## ASSIGNED TASK
An exact restatement of the data is required, with the images omitted.

## STORED DATA
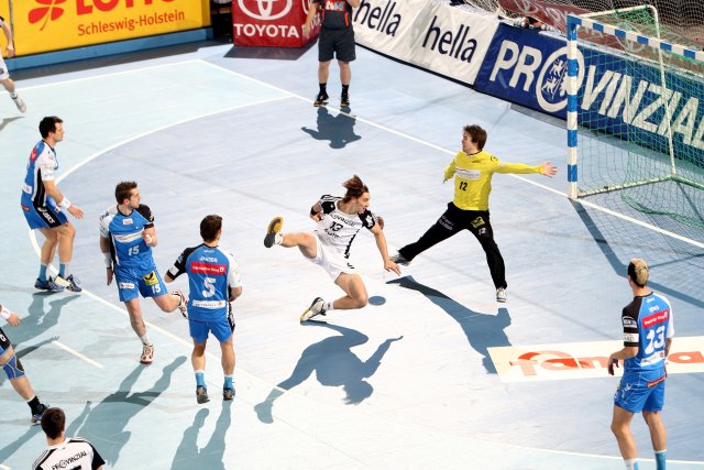 Bis zum 4:4 in der achten Minute ging es hin und her, Hens, Vori und Marcin Lijewski trafen für Hamburg, Ahlm und Jicha glichen mit ihren Doppelpacks aus. Dann fassten die Gäste Tritt, Kiels Tempospiel kam nicht in Fahrt, der Rückraum tat sich gegen die aggressive 3:2:1-Deckung schwer, die Außen wurden vernachlässigt. Außerdem fand der eigene Deckungsverband keine Bindung zu Torhüter Thierry Omeyer. Die Folge: 8:12 nach 20 Minuten. Hamburg wirkte abgeklärter, Jicha und Co. suchten nach der Tür zum Tor. 13:17 stand es nach 27 Minuten, als der Kieler Knoten platzte und Hamburgs Tormaschinerie Fehler produzierte. "Wühler" Marcus Ahlm, Christian Zeitz mit Einzelleistung und Momir Ilic mit Wucht: Der THW war zur Halbzeit wieder dran. 16:17.
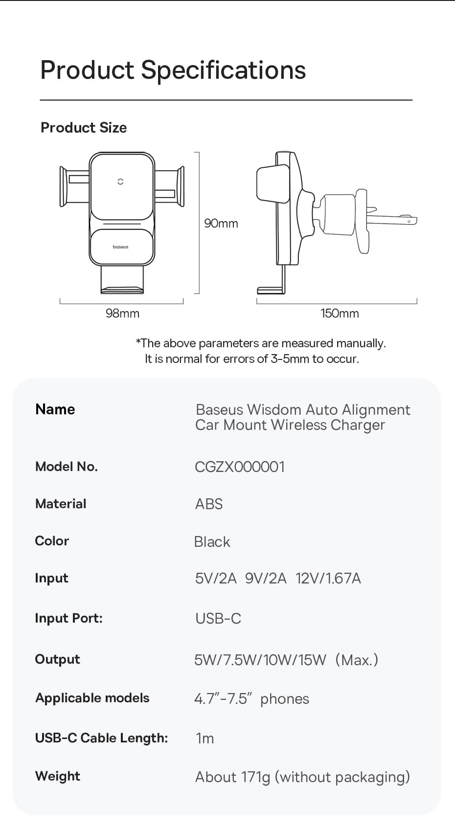 | Tên | Bộ Đế Giữ Điện Thoại Baseus Wisdom Auto Alignment Car Mount Wireless Charger(QI 15W) |
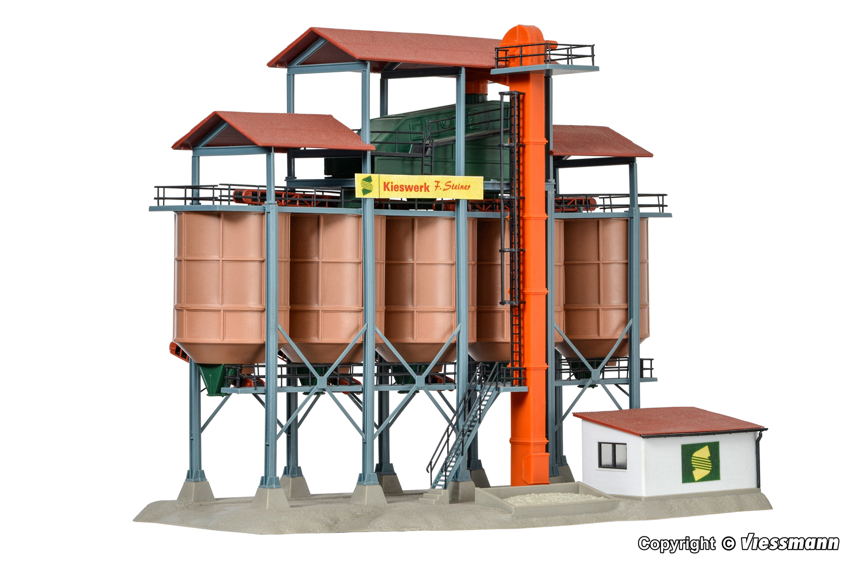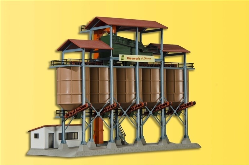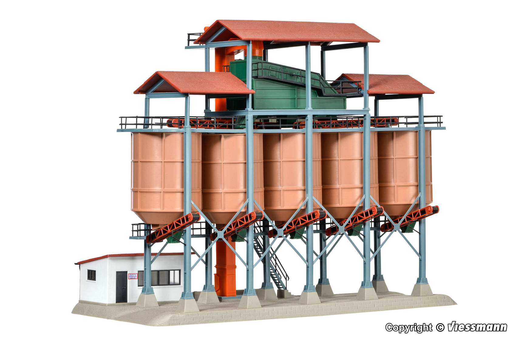 Bausatz. Mit 5 Silobehältern. Durchfahrtshöhe: 4,5 cm. Durchfahrtsbreite: 3 cm. Maße: L 27 x B 14,5 x H 22 cm. Schwierigkeitsgrad: 2 (Fortgeschrittene).

## RESPONSE AREA
 Bis zum 4:4 in der achten Minute ging es hin und her, Hens, Vori und Marcin Lijewski trafen für Hamburg, Ahlm und Jicha glichen mit ihren Doppelpacks aus. Dann fassten die Gäste Tritt, Kiels Tempospiel kam nicht in Fahrt, der Rückraum tat sich gegen die aggressive 3:2:1-Deckung schwer, die Außen wurden vernachlässigt. Außerdem fand der eigene Deckungsverband keine Bindung zu Torhüter Thierry Omeyer. Die Folge: 8:12 nach 20 Minuten. Hamburg wirkte abgeklärter, Jicha und Co. suchten nach der Tür zum Tor. 13:17 stand es nach 27 Minuten, als der Kieler Knoten platzte und Hamburgs Tormaschinerie Fehler produzierte. "Wühler" Marcus Ahlm, Christian Zeitz mit Einzelleistung und Momir Ilic mit Wucht: Der THW war zur Halbzeit wieder dran. 16:17.
 | Tên | Bộ Đế Giữ Điện Thoại Baseus Wisdom Auto Alignment Car Mount Wireless Charger(QI 15W) |
 Bausatz. Mit 5 Silobehältern. Durchfahrtshöhe: 4,5 cm. Durchfahrtsbreite: 3 cm. Maße: L 27 x B 14,5 x H 22 cm. Schwierigkeitsgrad: 2 (Fortgeschrittene).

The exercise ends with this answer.